The passengers, minus the three students, were bused to the Grand Forks International Airport, arriving about the same time, 5 p.m., as the three Saudi men in a separate vehicle, de Leon said.

A UND vehicle and staff member arrived to pick up the three students, de Leon said.

That was Chuck Pineo, chief operating officer and executive director of the UND Aerospace Foundation, who works with new students to introduce them to the campus, Johnson said.

The three Saudis are part of a contract signed just a month ago with the Saudi Ministry of the Interior for UND to train pilots, Johnson said.

For years, UND had many Saudi students, sometimes dozens at a time. But after 9/11, there was an awkwardness that led to reduced numbers of Saudi aviation pilots.

Shortly after 9/11, in fact, a northeastern North Dakota man was prosecuted after he slugged a Saudi UND student at a Grand Forks bar, just because, he said, he thought the student might be a terrorist.

Bruce Smith, dean of the UND aerospace school, talked Monday to the three Saudi students, who were perplexed by all the commotion, Johnson said.

“We’re assuming that folks acted in good faith and we realize these are different times in terms of aviation than just a few years ago,” Johnson said.

The Saudis will be able to begin the English courses soon, part of an independent ELS Language Center on campus that works with many students who need to improve their English to study in whatever discipline they choose, Johnson said.

The Saudi students will be staying on campus.

De Leon chalks it all up to confusion by the Saudi men because they are new to America and two of them can’t speak much English.

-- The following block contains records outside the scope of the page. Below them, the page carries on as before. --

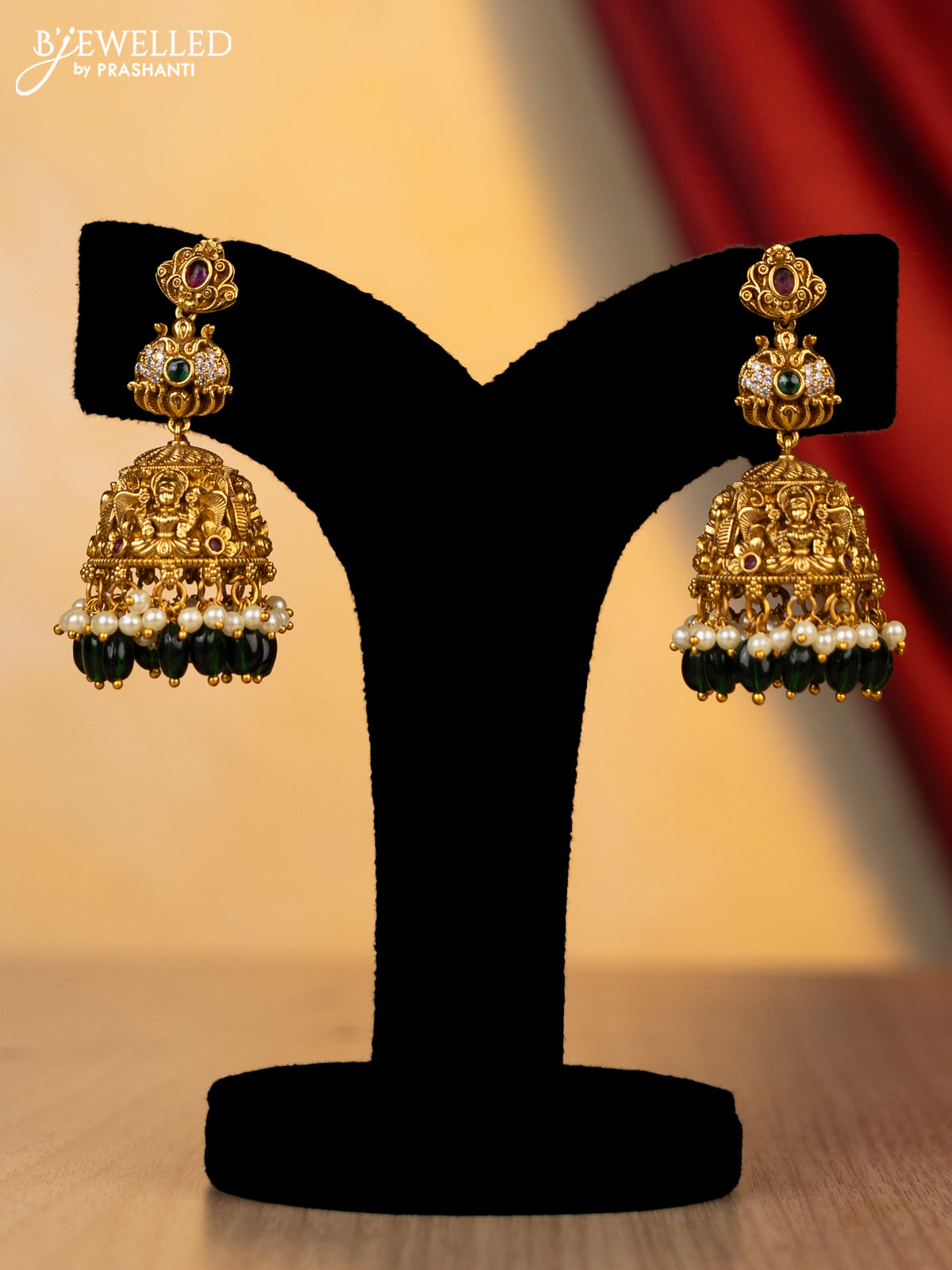 Antique necklace lakshmi design with kemp,cz stone and green pearl beads hanging
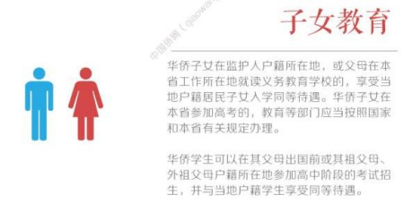 華僑子女在其監(jiān)護(hù)人戶(hù)籍所在地或者其父母在本省工作所在地就讀義務(wù)教育學(xué)校的,享受當(dāng)?shù)貞?hù)籍居民子女入學(xué)同等待遇;華僑子女在本省參加高考,教育部門(mén)等應(yīng)當(dāng)按照國(guó)家和本省有關(guān)規(guī)定辦理……
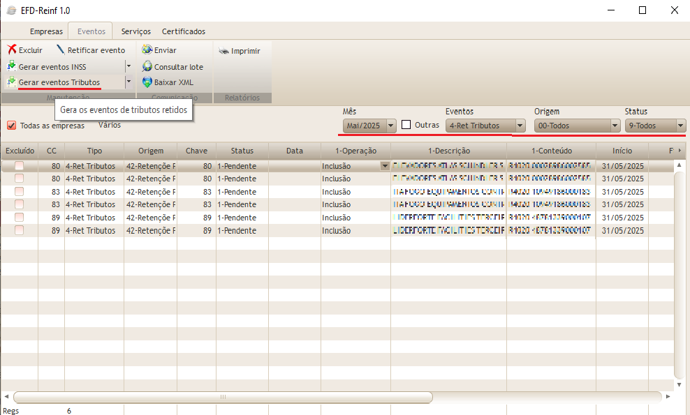 3 - Para listar o(s) evento(s) gerado(s), deve-se aplicar o filtro baseando-se na competência, tipo de retenção ( tributos ou INSS) e status do evento ( pendente, enviado, recusado...).
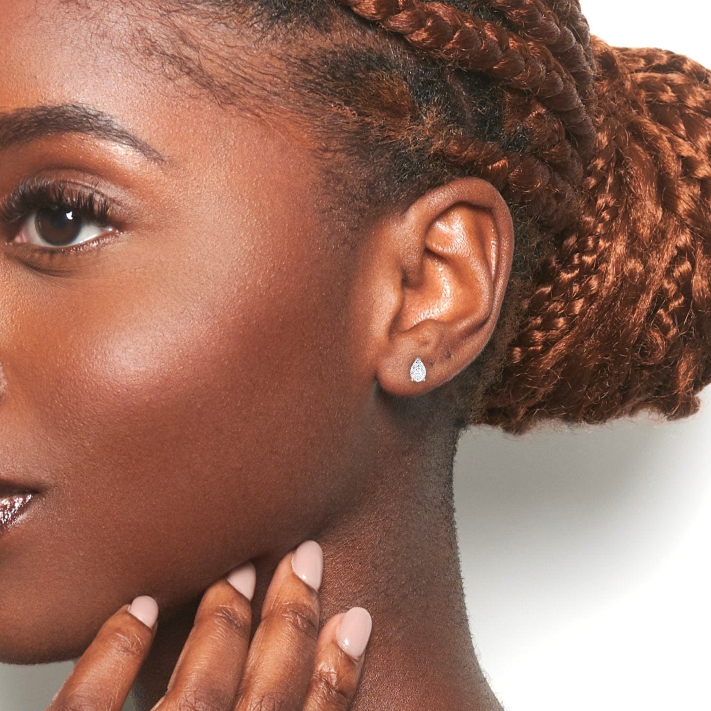 Refined and timeless, the White Diamond Three-Prong Martini Stud Earrings - Anvika feature a dazzling 1.0 ct.tw. pear-shaped diamond set in a sleek three-prong setting for a floating effect. Designed for everyday luxury, these classic studs are available in White Gold, Rose Gold, Yellow Gold, and Blackened Gold, perfect for any jewelry collection.
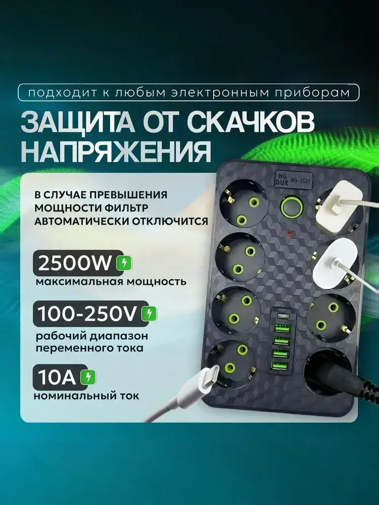 HG-2508, Сетевой фильтр 3 м / Удлинитель с USB (юсб) и Type-C / 8 розеток, тройник для розетки, пилот
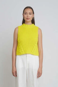 Lily is an elevated, crew-neck sweater-tank to be layered or worn alone as an outfit staple. The cotton fisherman-rib stitch with engineered-cable detail gives this piece an effortless, transitional feel. Lily is slim with ease and has a slightly cropped proportion body that styles back to high-waist pants.
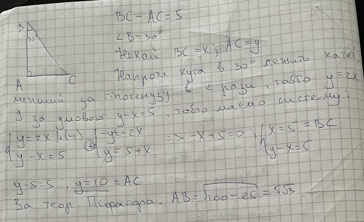 Один із кутів прямокутного трикутника дорiвнюе 30. а різниця гіпотенузи й меншого катета дiть ці сторони трикутника. 5 см. Знайдіть сторони трикутника
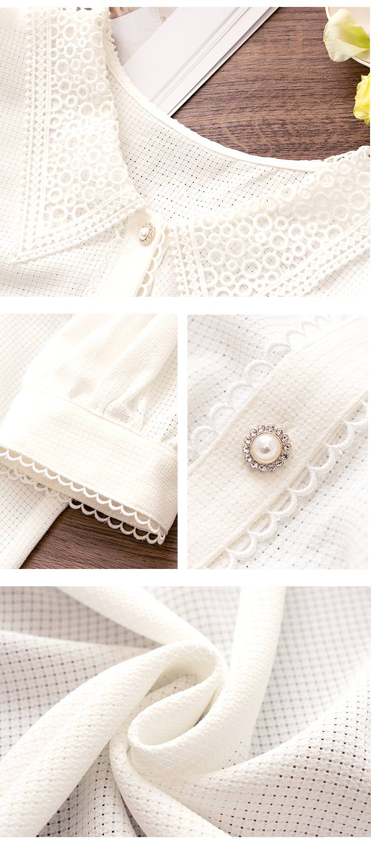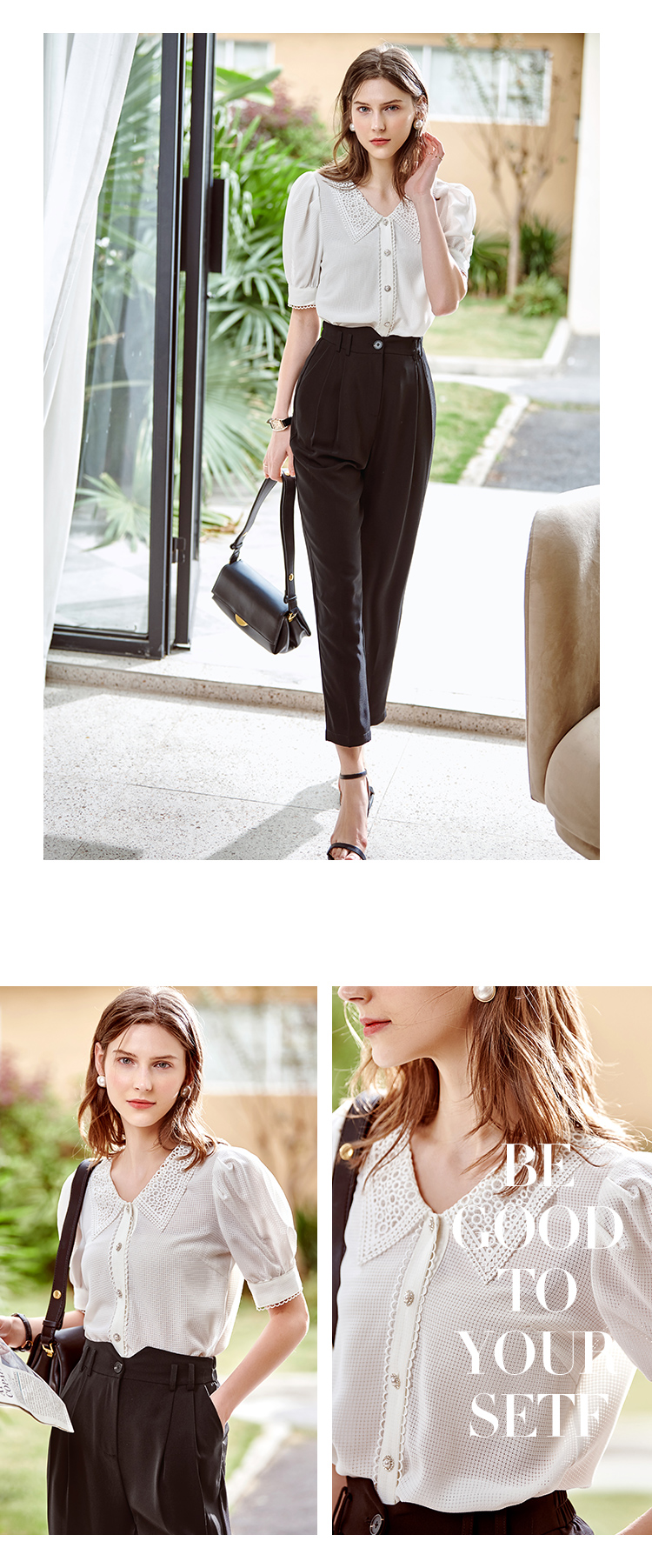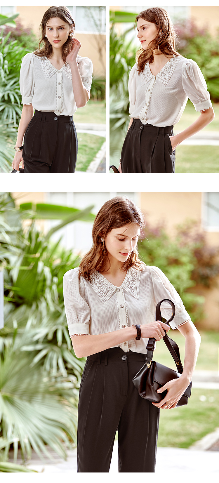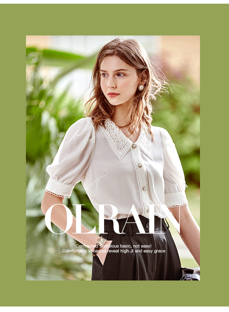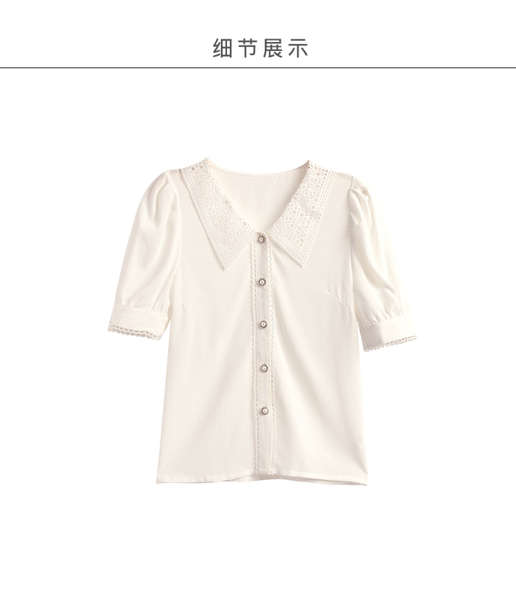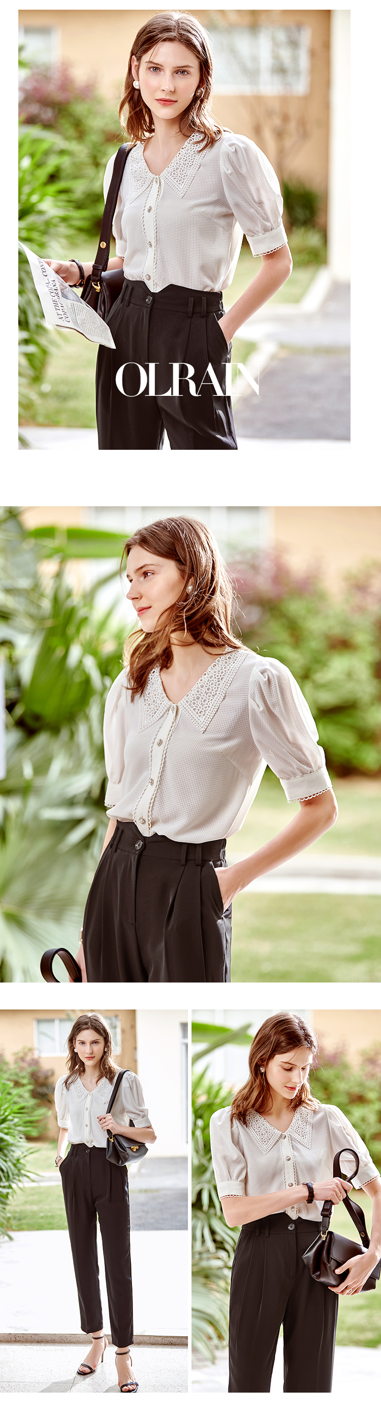 欧芮儿V领衬衫女2021春夏款泡泡袖重工镂空拼接气质时髦短袖衬衣

Reach Lee at (701) 780-1237; (800) 477-6572, ext. 237; or send e-mail to slee@gfherald.com.
 
Their plan is to become pilots, part of a new contract with the Saudi government,

Some would say thats exactly what the 19 from 9/11 were doing at various schools around the USA.........for the same government.
 
Dumb flight attendants.

Well this one would be singular. The article doesn't really go into enough detail about the situation to explain what they saw. It just appears to go into stereotypes. If the flight attendant did this in good faith and was wrong congrats to them. Too many would be lured to sit on their hands with the fear of monday morning quarterbacking.
 
What exactly happened in the Lavatory? Sounds like the typical seatbelt sign goes off and everybody lines up to use the lav.